“Do you know why women always sit on one side when they are alone in a hansom?”

“No, I have no idea. Some charmingly morbid reason, I suppose?”

“Oh, you can call it morbid, if you like,” I said. “It is only because there happens to be a looking-glass there.”

George and Mr. Aix have different publishers, but the same literary agent. A publisher once took them both to the top of a high hill in Surrey and tempted them—to sell him the rights of every novel they did for ten years, and be kept in luxury by him. But they both shook their heads and said, “You must go to Middleman!” Then he took them to a London restaurant and made them drunk, and still they shook their heads and sent him to Middleman, who makes all their bargains for them, but he can’t control all the reviews.
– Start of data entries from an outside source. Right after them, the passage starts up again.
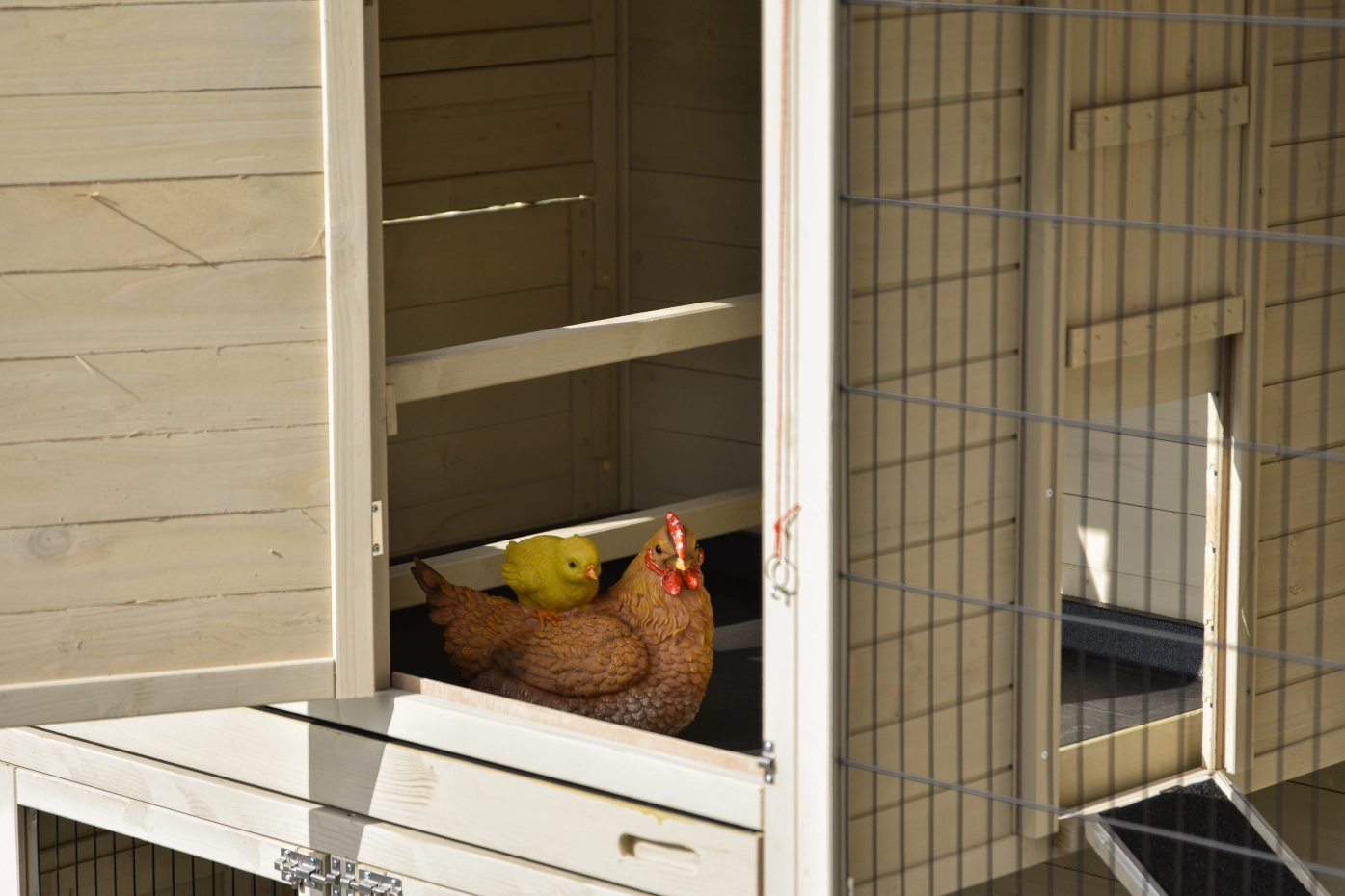 - The doors of this rabbit hutch are equiped with double locks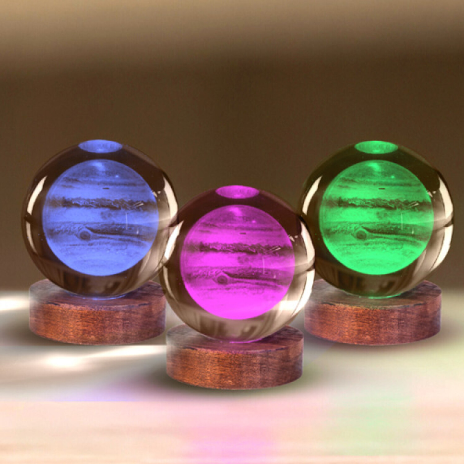 Inside the solid glass orb, Jupiter’s swirling storms and iconic bands are laser-engraved in incredible detail, glowing to life with colour-shifting LED's.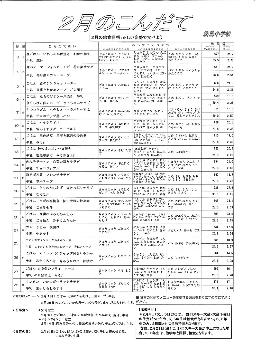 なお、2月21日(金)は、野口スキー大会が中止になった場合には、5・6年生は他学年と同様に給食が提供されます。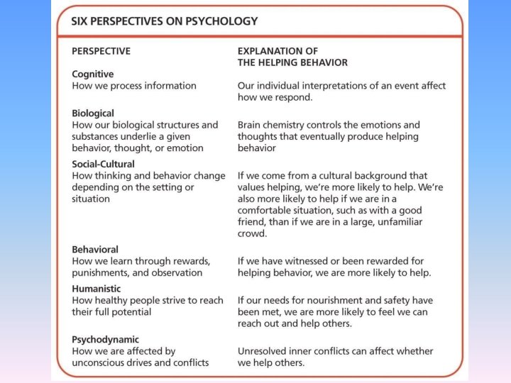 Psychological Perspectives • Method of classifying a collection of ideas • Also called “schools of thought” • Also called “psychological approaches” • To view behavior from a particular perspective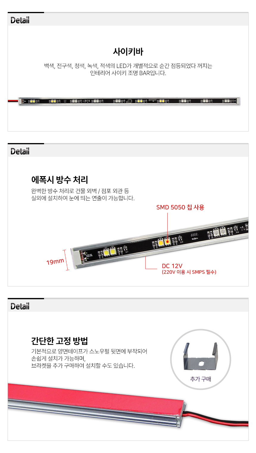 SMD 5050 / 백색 4EA, 전구색 4EA, 녹색 4EA, 청색 4EA, 적색 4EA (50cm 기준)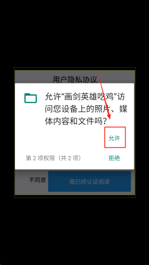 1、授权存储权限:当系统弹出“允许画剑英雄吃鸡访问照片、媒体内容和文件吗?”时,点击“允许”完成第一步授权。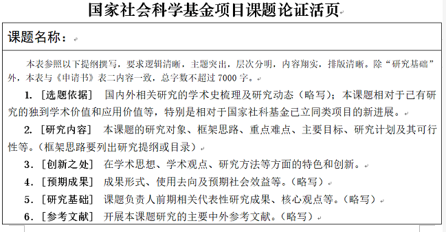 (2022年度国社科项目申报活页)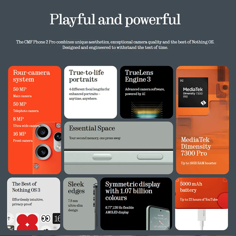 Téléphone CMF 2 Pro Version mondiale 6.77 AMOLED 120Hz MediaTek Dimensity 7300 Pro 5G 5000 mAh caméra principale 50MP 33W
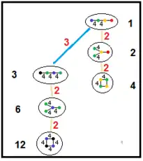 ![]() Subgrupos p[4]2: p=2,3,4... p[4]2 --> [p], índice p p[4]2 --> p[]×p[], índice 2 |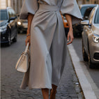 Tutustu naisten tyylikkääseen mekkoon, jossa on lyhtyhihat ja vyö, Élise, tyylikäs mekko, joka on suunniteltu yhdistämään hienostuneisuus ja imartelevat yksityiskohdat. Sen tyylikkäät lyhtyhihat ja yhteensopiva vyö korostavat siluettiasi samalla kun ne lisäävät naisellista viehätystä. Pehmeästä ja korkealaatuisesta kankaasta valmistettu mekko tarjoaa mukavuutta ja eleganssia koko päivän ajan. Täydellinen muodollisiin tilaisuuksiin, juhliin tai tyylikkäisiin arkiasuihin, se sopii helposti yhteen korkokenkien tai saappaiden kanssa. Saatavilla klassisissa ja kausiväreissä, tämä mekko on välttämätön osa jokaista vaatekaappia.

One morning Mr. Aix came in to see George, with a blue press-cutting in his hand; I was in the study then, as it happened, and I did not go. George never minds our hearing everything, he says it is too much of an effort to be a hero to one’s typewriter, or one’s daughter.

“I am in a rage!” Mr. Aix said, and so I suppose he was, though he looked more like a white gooseberry than ever. “Just let me get hold of this fellow they have got on The Bittern, and see if I don’t wring his neck for him!”

George didn’t say anything, and so I asked—somebody had to—“What has The Bittern man done, please?”

“Done! He has dammed me with faint praise, that’s all! I’d have the fellow know that I’m read in every pothouse, every kitchen in England! Here, George, take it, and read it, the infamous thing!”

George read it—at least he ran his eyes over it. He didn’t seem to want to see it particularly, and gave it back as if it bit him, saying—

“Well, my dear fellow, you must take the rough with the smooth—one can always learn something from criticism, or so I find!”